[Collected material]
§

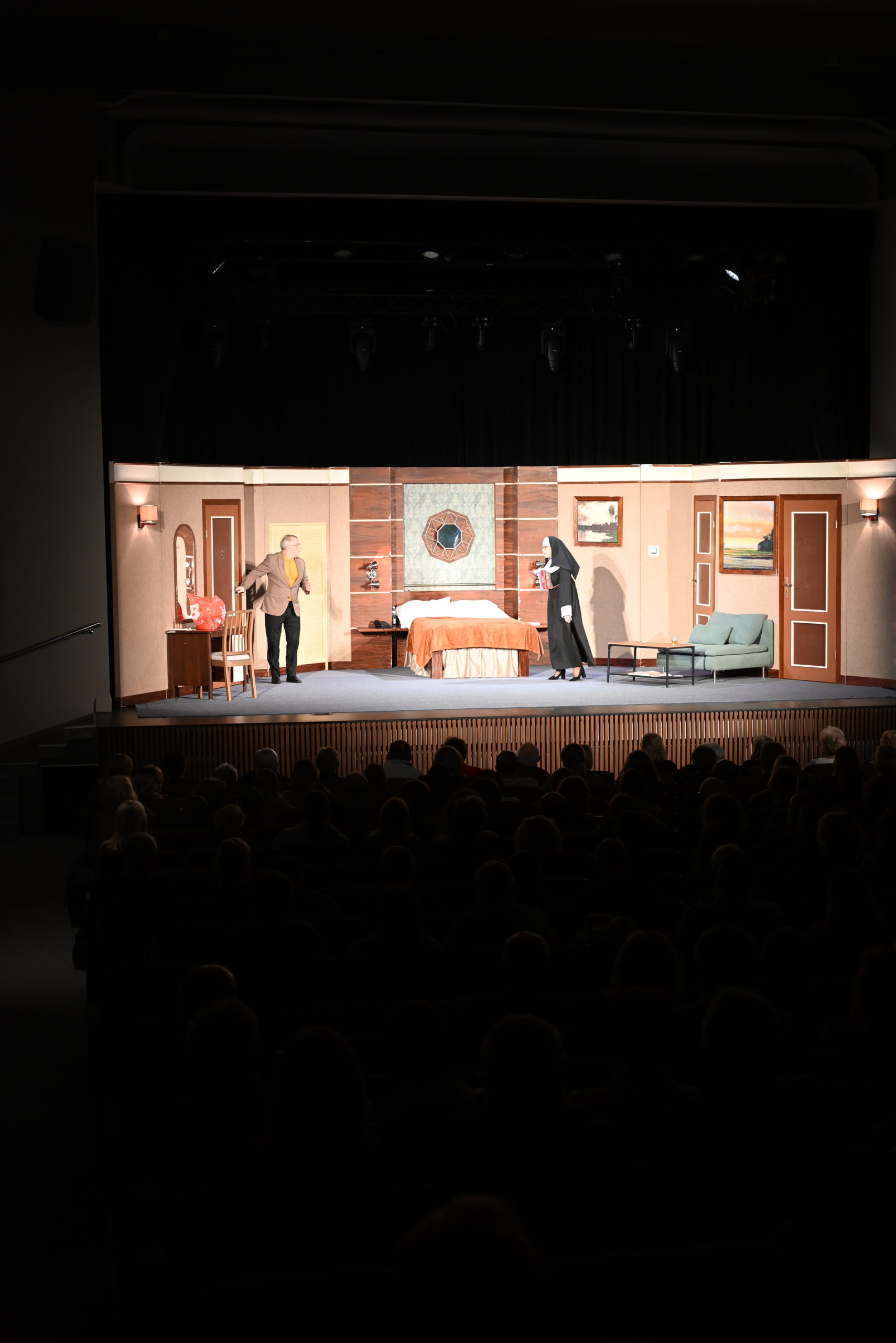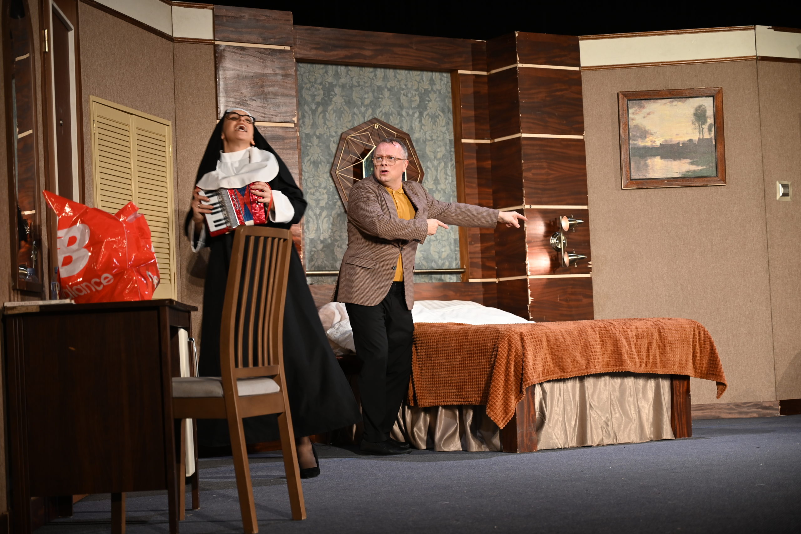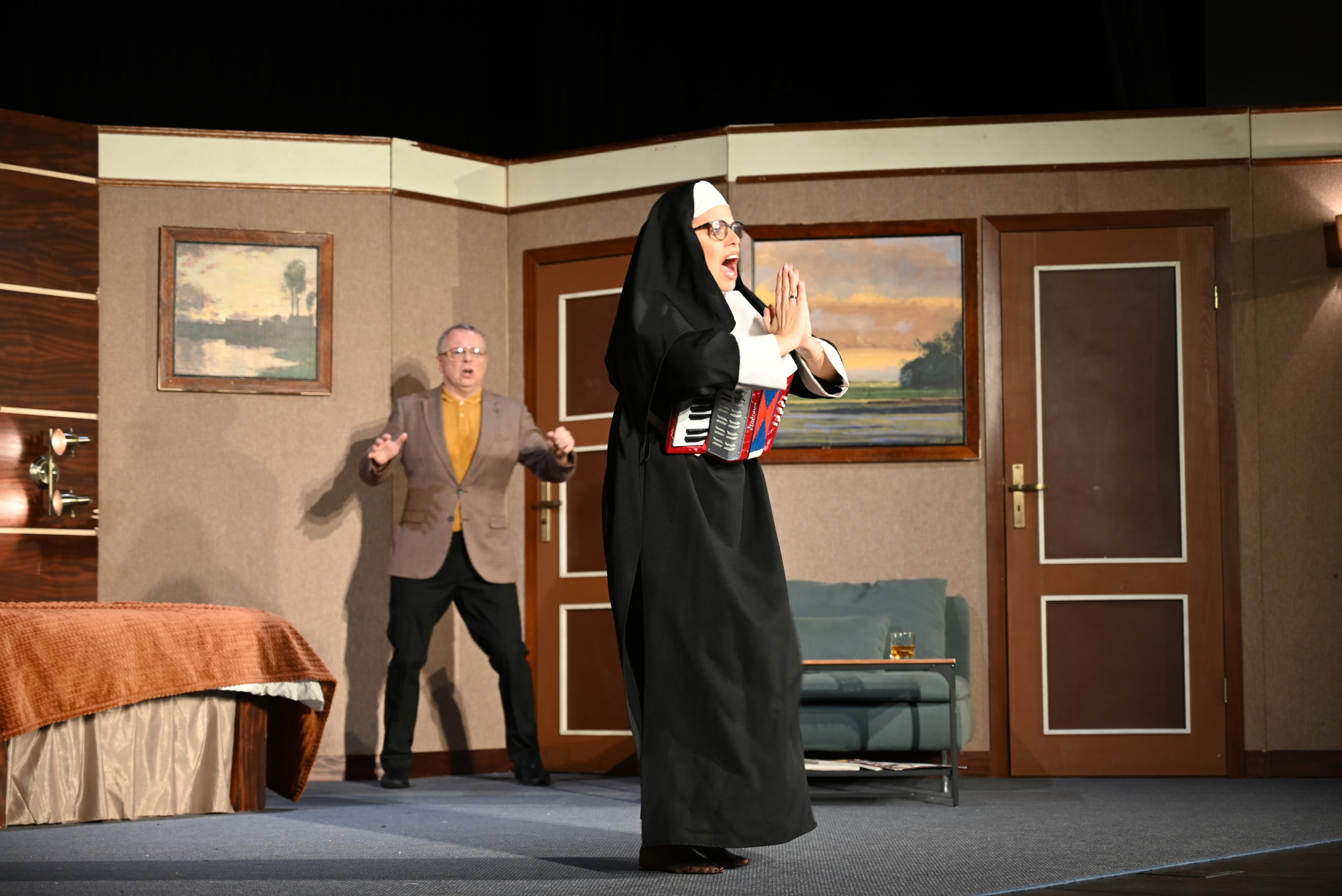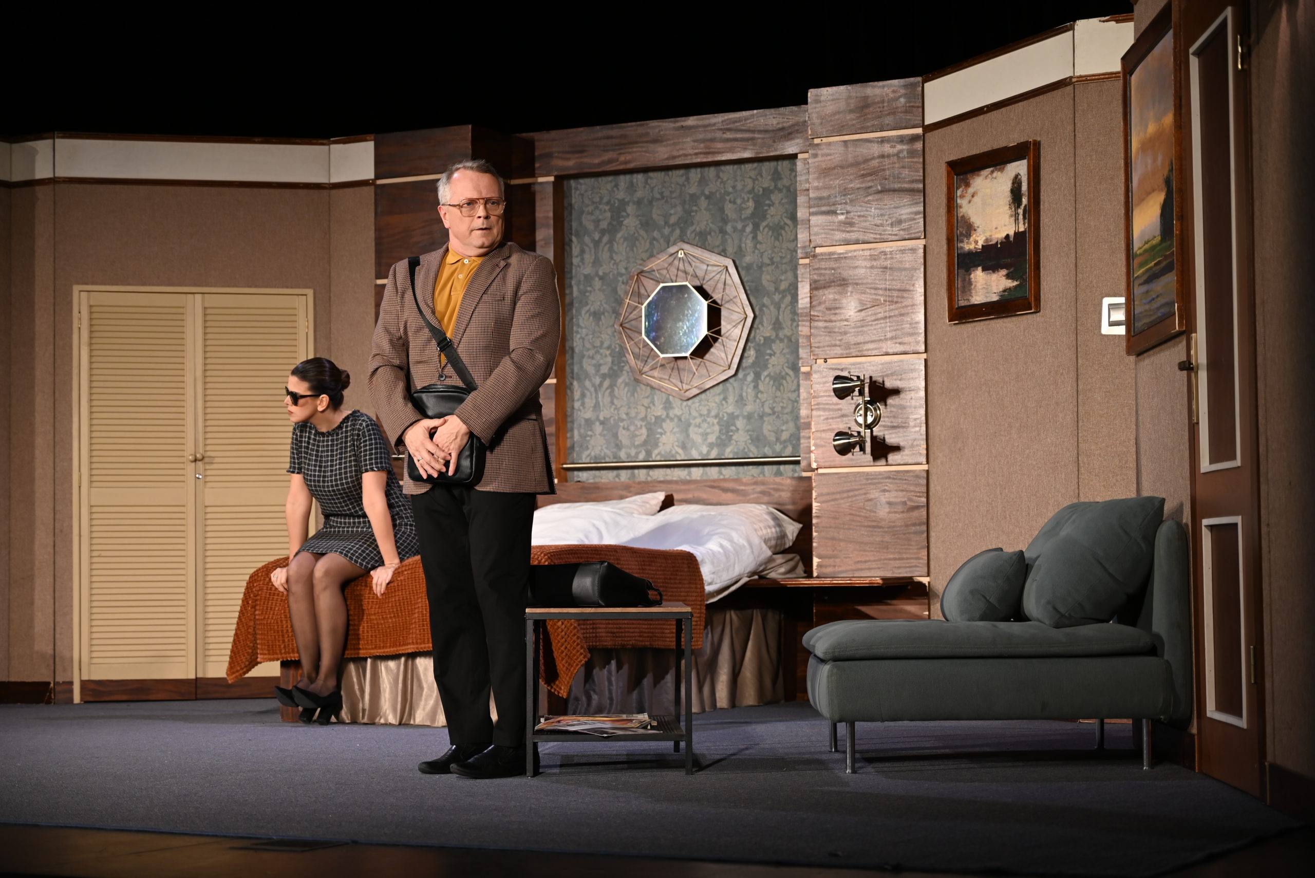 Spektakl „Odjechana farsa” w Katolickim Domu Kultury Świętego Józefa w Sandomierzu wywołał prawdziwą eksplozję śmiechu i emocji! Dwoje aktorów, Monika Mazur i Piotr Szwedes, w brawurowy sposób wcieliło się w dziesięć różnych postaci, tworząc dynamiczną i pełną absurdalnych zwrotów akcji historię w jednym, niewielkim pokoju hotelowym.
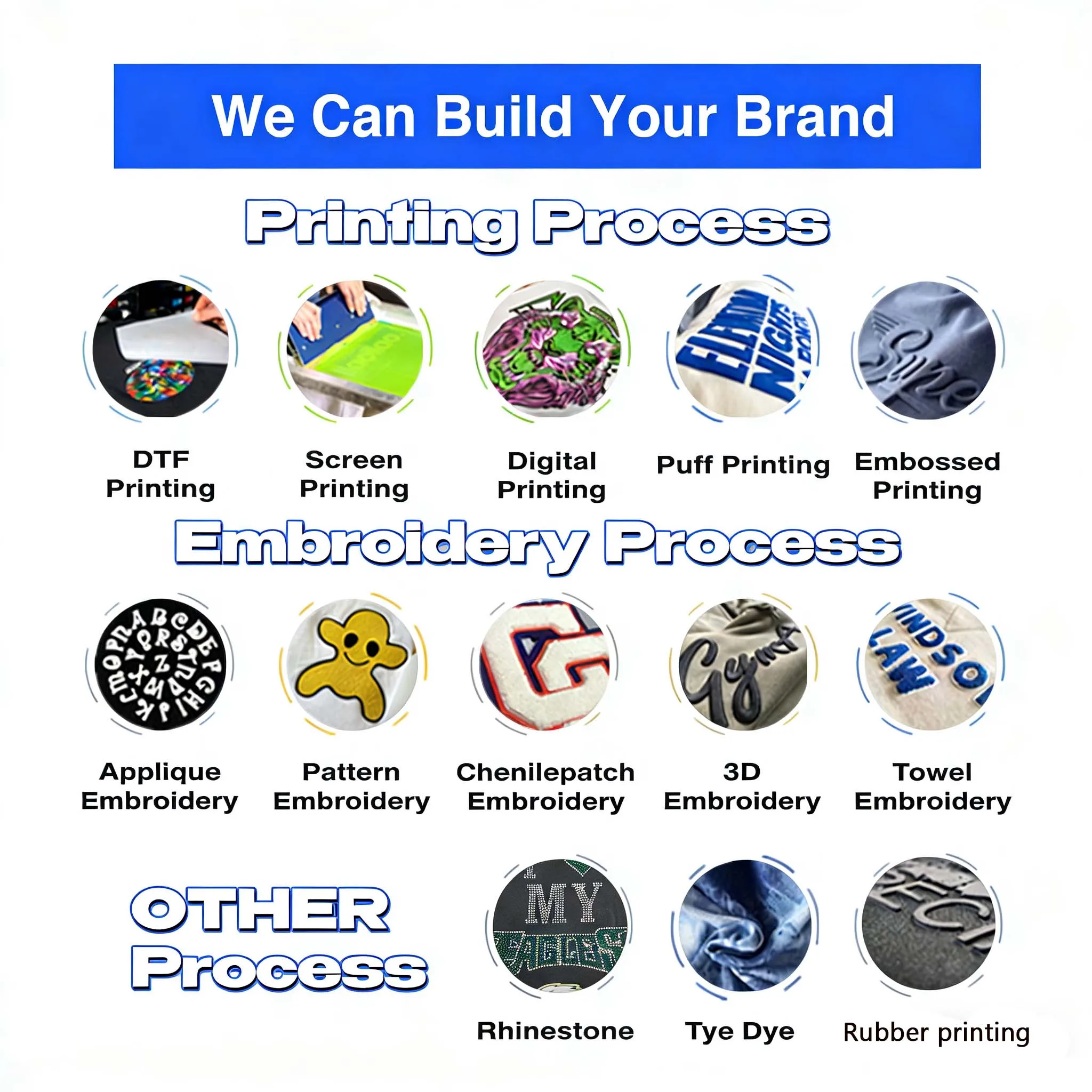 Puff Printing, Embossed, Heat-Transfer Printing, reflective printing
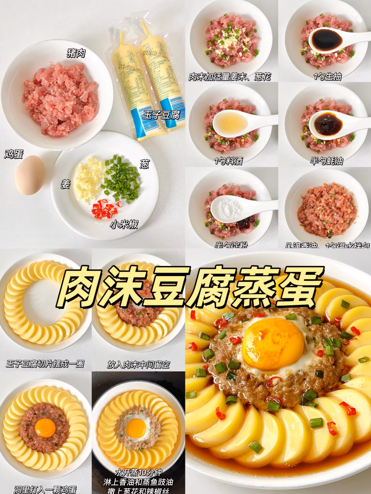 ✅第五款:肉末豆腐蒸蛋 準備食材:雞蛋、豬肉末、玉子豆腐、姜、蔥、小米辣 配料:生抽、蚝油、料酒、澱粉、香油、蒸魚豉油

§

[What to do]
Output the full material above exactly, leaving every picture out.

[Written answer]
 Spektakl „Odjechana farsa” w Katolickim Domu Kultury Świętego Józefa w Sandomierzu wywołał prawdziwą eksplozję śmiechu i emocji! Dwoje aktorów, Monika Mazur i Piotr Szwedes, w brawurowy sposób wcieliło się w dziesięć różnych postaci, tworząc dynamiczną i pełną absurdalnych zwrotów akcji historię w jednym, niewielkim pokoju hotelowym.
 Puff Printing, Embossed, Heat-Transfer Printing, reflective printing
 ✅第五款:肉末豆腐蒸蛋 準備食材:雞蛋、豬肉末、玉子豆腐、姜、蔥、小米辣 配料:生抽、蚝油、料酒、澱粉、香油、蒸魚豉油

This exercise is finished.